(Input material Opens)
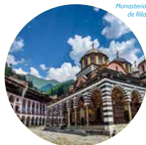
Monasterio de Rila

INCLUYE: asistencia en el aeropuerto de Madrid (origen zona centro) • Vuelos desde Madrid y Málaga (tasas incluidas) • Guía acompañante en destino • 20 comidas: según itinerario, empezando el día 1 con cena o cena fría (en función de la hora de llegada) y finalizando el día 8 con desayuno (agua mineral en almuerzos y cenas) • Visitas panorámicas: Sofía, Plovdiv y Veliko Tarnovo; Monasterio de Rila y Monasterio de Bachkovo • Seguro de viaje.
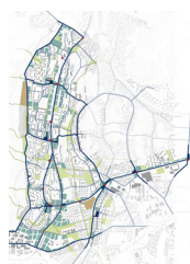
Förtättningsbara ytor och viktiga stråk
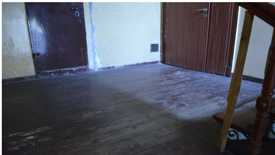
Rys. 2 Widok zniszczonych elementów klatki schodowej
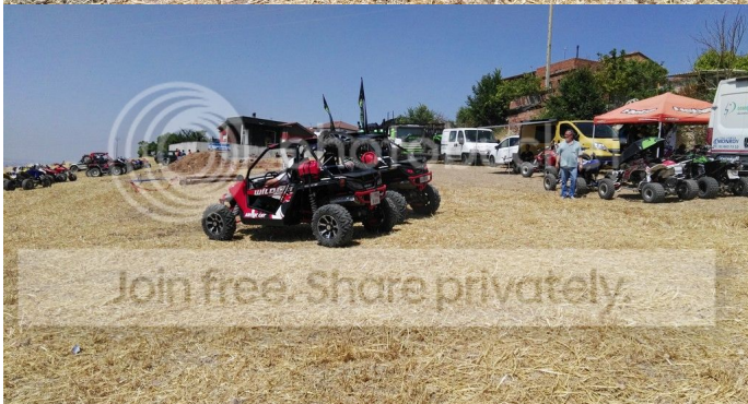
Una gran zona de Trial, muy divertida con un balancín, troncos, una gran poza
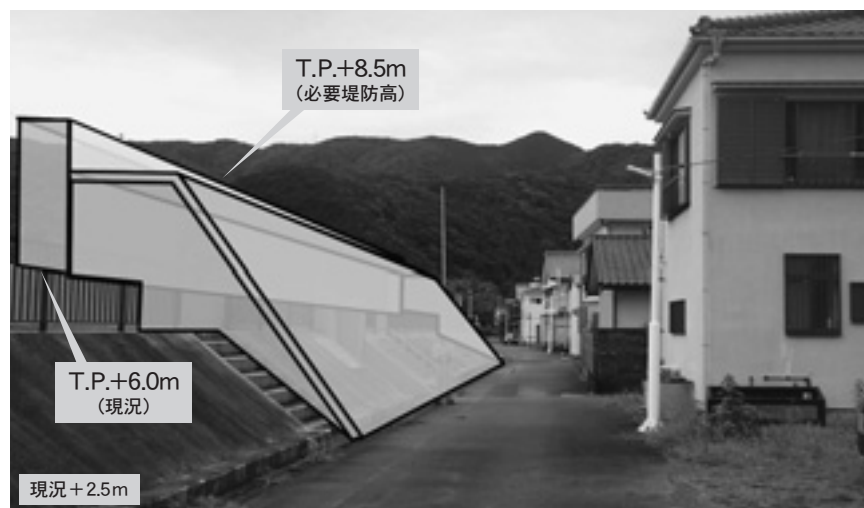
防潮堤かさ上げの例(宇久須地区)
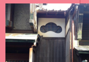
7. 家と家を繋ぐ通路かな？
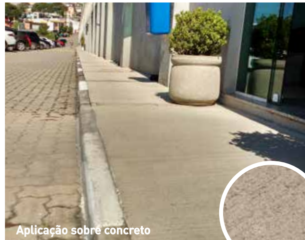
Aplicação sobre concreto

Devido sua excelente aderência aos pavimentos de concretos e betuminosos, ótima durabilidade e alta resistência ao intemperismo o DUR-A-LAN torna-se o produto ideal para demarcação de rodovias e vias urbanas.
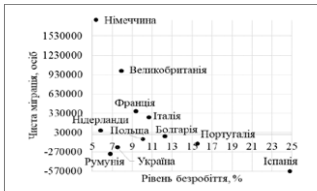
Рис. 2. Розміщення країн у координатах обсягів чистої міграції в розрізі індексу безробіття за 2012 р. Джерело: побудовано на основі даних [16]

Для порівняння проведемо аналіз залежності індексу безробіття від обсягу чистої міграції у 2012 р. (рис. 2). Зокрема, у Німеччині міграція становить 1 777 126 осіб у 2012 р., це найбільше значення по відношенню до інших країн ТОП-10 й України. Наступними країнами після Німеччини, у яких значний обсяг чистої міграції, є: Великобританія (990 000 осіб), Франція (361 722 особи), Італія (264 145 осіб), Нідерланди (62 687 осіб). Показник чистої міграції у 2012 р. досягає від'ємних значень в інших досліджуваних країнах: Іспанії (-570 000 осіб), Румунії (-299 997 осіб), Україні (-200 000 осіб), Португалії (-140 000 осіб), Польщі (-73 997 осіб) та Болгарії (-24 472 особи) [16].
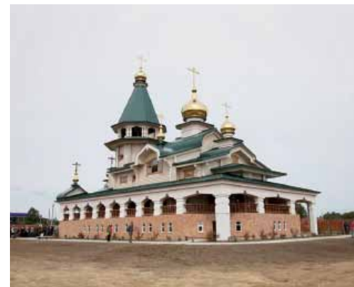
Освящение храма в честь св. блгв. кн. Александра Невского. С. Троицкое, о. Сахалин. 20.09.2010.

Также Святейший Патриарх встретился с журналистами Патриаршего пула и ответил на вопросы корреспон-
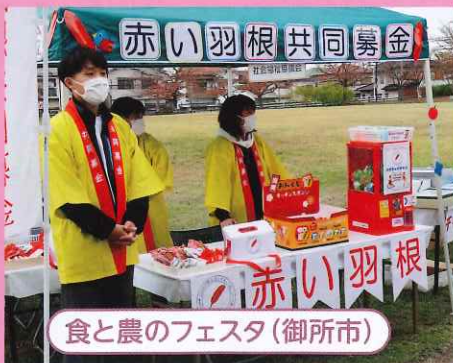
食と農のフェスタ(御所市)
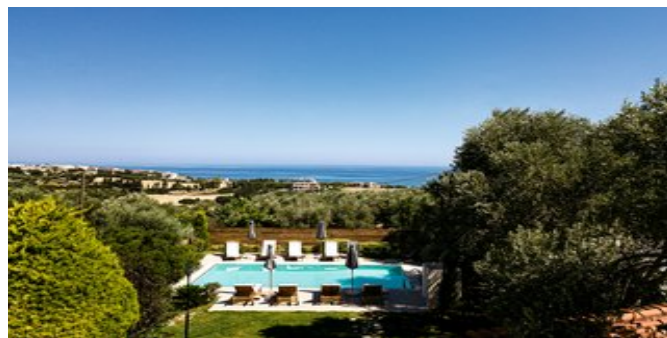
Blick auf den Pool
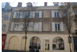
Maison Monsaillé 33 rue Boisnet Angers
(Input material Closes)
▶ _Goal of the exercise_
Using the material above, find each line that holds "zona" and copy that line.

▶ _Completed exercise_
INCLUYE: asistencia en el aeropuerto de Madrid (origen zona centro) • Vuelos desde Madrid y Málaga (tasas incluidas) • Guía acompañante en destino • 20 comidas: según itinerario, empezando el día 1 con cena o cena fría (en función de la hora de llegada) y finalizando el día 8 con desayuno (agua mineral en almuerzos y cenas) • Visitas panorámicas: Sofía, Plovdiv y Veliko Tarnovo; Monasterio de Rila y Monasterio de Bachkovo • Seguro de viaje.
Una gran zona de Trial, muy divertida con un balancín, troncos, una gran poza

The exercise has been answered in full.